Akinwumi Isola (24 December 1939 – 17 February 2018) was a Yoruba playwright, novelist, actor, dramatist, culture activist and scholar. He was known for his writing in, and his work in promoting, the Yoruba language. As an actor, he was known for;

- Agogo Eèwò (2002) as Ifa Priest
- Sawo-Segberi (2005)
- The Campus Queen (2004) as Professor
- Thunderbolt: Magun (2001) as Professor
- Brass Bells (1999) as Babalawo
- Efunsetan Aniwura (1981)
- Efunsetan Aniwura (2005).

==Early life and career==
Isola was born in Ibadan in 1939. He attended Labode Methodist School and Wesley College. He then studied at the University of Ibadan, earning a B.A. in French.

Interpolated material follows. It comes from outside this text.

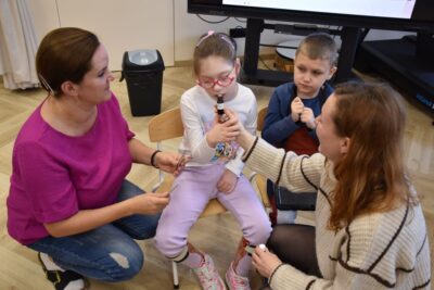 Zajęcia miały formę wesołej zabawy edukacyjnej, podczas której dzieci rozwijały swoją wrażliwość sensoryczną, poszerzały wiedzę o działaniu zmysłów oraz zdobywały kolejne „iskierki” pomagające lepiej rozumieć otaczający je świat.

He was appointed professor at Obafemi Awolowo University in 1991. Isola wrote his first play, Efunsetan Aniwura, during 1961-62 while still a student at the University of Ibadan. This was followed by a novel, O Le Ku. In 1986, he wrote and composed the college anthem that is currently sung in Wesley College Ibadan.

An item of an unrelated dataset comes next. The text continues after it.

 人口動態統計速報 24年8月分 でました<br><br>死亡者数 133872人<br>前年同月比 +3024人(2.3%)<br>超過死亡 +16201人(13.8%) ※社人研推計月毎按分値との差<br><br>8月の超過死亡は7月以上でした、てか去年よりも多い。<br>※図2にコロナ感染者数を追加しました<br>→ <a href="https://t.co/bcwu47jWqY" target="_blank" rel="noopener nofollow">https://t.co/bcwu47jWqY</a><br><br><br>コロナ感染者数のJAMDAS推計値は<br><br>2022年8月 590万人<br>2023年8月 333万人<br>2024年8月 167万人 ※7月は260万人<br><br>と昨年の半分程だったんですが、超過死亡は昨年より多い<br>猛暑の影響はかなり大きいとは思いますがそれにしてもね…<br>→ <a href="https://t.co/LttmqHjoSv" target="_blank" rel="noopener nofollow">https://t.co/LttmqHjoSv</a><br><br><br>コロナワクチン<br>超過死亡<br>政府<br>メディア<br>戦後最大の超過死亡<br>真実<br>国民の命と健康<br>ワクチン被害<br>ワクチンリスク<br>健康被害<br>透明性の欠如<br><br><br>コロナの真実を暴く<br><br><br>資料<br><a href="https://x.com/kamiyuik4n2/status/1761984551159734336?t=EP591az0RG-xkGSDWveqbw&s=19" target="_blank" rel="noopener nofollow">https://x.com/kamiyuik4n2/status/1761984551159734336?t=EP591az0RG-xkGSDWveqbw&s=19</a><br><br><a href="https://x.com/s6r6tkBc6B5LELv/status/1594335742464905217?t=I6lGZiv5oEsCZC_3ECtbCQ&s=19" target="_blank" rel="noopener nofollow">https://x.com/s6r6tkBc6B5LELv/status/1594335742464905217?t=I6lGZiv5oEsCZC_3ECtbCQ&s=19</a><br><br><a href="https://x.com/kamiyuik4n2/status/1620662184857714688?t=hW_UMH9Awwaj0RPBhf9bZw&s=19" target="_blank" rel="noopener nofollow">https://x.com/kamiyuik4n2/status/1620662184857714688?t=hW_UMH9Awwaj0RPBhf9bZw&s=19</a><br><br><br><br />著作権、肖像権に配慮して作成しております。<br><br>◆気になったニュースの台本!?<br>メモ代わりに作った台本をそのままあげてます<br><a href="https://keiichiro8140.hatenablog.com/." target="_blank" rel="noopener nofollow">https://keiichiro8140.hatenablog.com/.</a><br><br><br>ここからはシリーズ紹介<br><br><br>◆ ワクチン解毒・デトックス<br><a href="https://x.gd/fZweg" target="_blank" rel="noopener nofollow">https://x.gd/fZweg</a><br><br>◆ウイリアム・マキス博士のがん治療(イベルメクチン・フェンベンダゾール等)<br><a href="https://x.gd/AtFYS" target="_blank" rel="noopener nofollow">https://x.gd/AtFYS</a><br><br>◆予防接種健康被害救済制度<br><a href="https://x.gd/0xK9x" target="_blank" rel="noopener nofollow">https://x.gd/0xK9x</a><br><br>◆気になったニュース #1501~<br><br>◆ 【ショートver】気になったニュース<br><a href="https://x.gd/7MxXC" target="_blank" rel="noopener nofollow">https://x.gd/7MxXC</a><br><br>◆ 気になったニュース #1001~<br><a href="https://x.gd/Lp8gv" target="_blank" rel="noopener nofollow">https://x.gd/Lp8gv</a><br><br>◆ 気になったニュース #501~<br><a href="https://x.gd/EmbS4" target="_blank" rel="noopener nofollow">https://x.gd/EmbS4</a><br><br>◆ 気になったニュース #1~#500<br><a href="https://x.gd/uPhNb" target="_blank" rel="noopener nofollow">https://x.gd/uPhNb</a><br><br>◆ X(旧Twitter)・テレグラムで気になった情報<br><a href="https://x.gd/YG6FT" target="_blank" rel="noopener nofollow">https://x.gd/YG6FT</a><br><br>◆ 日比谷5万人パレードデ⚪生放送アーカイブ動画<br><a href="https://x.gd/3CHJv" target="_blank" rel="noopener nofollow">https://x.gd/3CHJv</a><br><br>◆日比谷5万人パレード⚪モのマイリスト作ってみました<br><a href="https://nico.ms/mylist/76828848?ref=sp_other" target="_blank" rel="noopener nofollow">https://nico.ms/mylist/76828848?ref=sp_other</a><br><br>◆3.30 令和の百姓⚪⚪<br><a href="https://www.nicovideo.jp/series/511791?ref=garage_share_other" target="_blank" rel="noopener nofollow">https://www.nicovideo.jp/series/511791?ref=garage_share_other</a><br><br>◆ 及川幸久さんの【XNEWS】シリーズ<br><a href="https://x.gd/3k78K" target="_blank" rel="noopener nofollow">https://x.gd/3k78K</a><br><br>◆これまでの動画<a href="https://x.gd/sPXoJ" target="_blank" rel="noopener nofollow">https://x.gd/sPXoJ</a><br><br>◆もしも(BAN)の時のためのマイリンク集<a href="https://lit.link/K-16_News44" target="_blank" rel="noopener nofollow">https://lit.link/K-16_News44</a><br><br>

He went on to write a number of plays and novels. He broke into broadcasting, creating a production company that has turned a number of his plays into television dramas and films. Though he claimed, "my target audience are Yorubas", Isola also wrote in English and translated to Yoruba. He spent his lifetime producing works that promoted the Yoruba language.

On May 4, 2015, his book Herbert Macaulay and the Spirit of Lagos was staged at the Performing Arts Theatre of the University of Ilorin in Kwara State. It was directed by Adams Abdulfatai Ayomide for the annual season of plays festival.

In 2000, in recognition of his immense contributions, he was awarded the National Merit Award and appointed a Fellow of the Nigerian Academy of Letters. He was also a visiting professor at the University of Georgia.

==Personal life==
Isola was married and had four children. He died on 17 February 2018 in Ibadan, Oyo State, aged 78.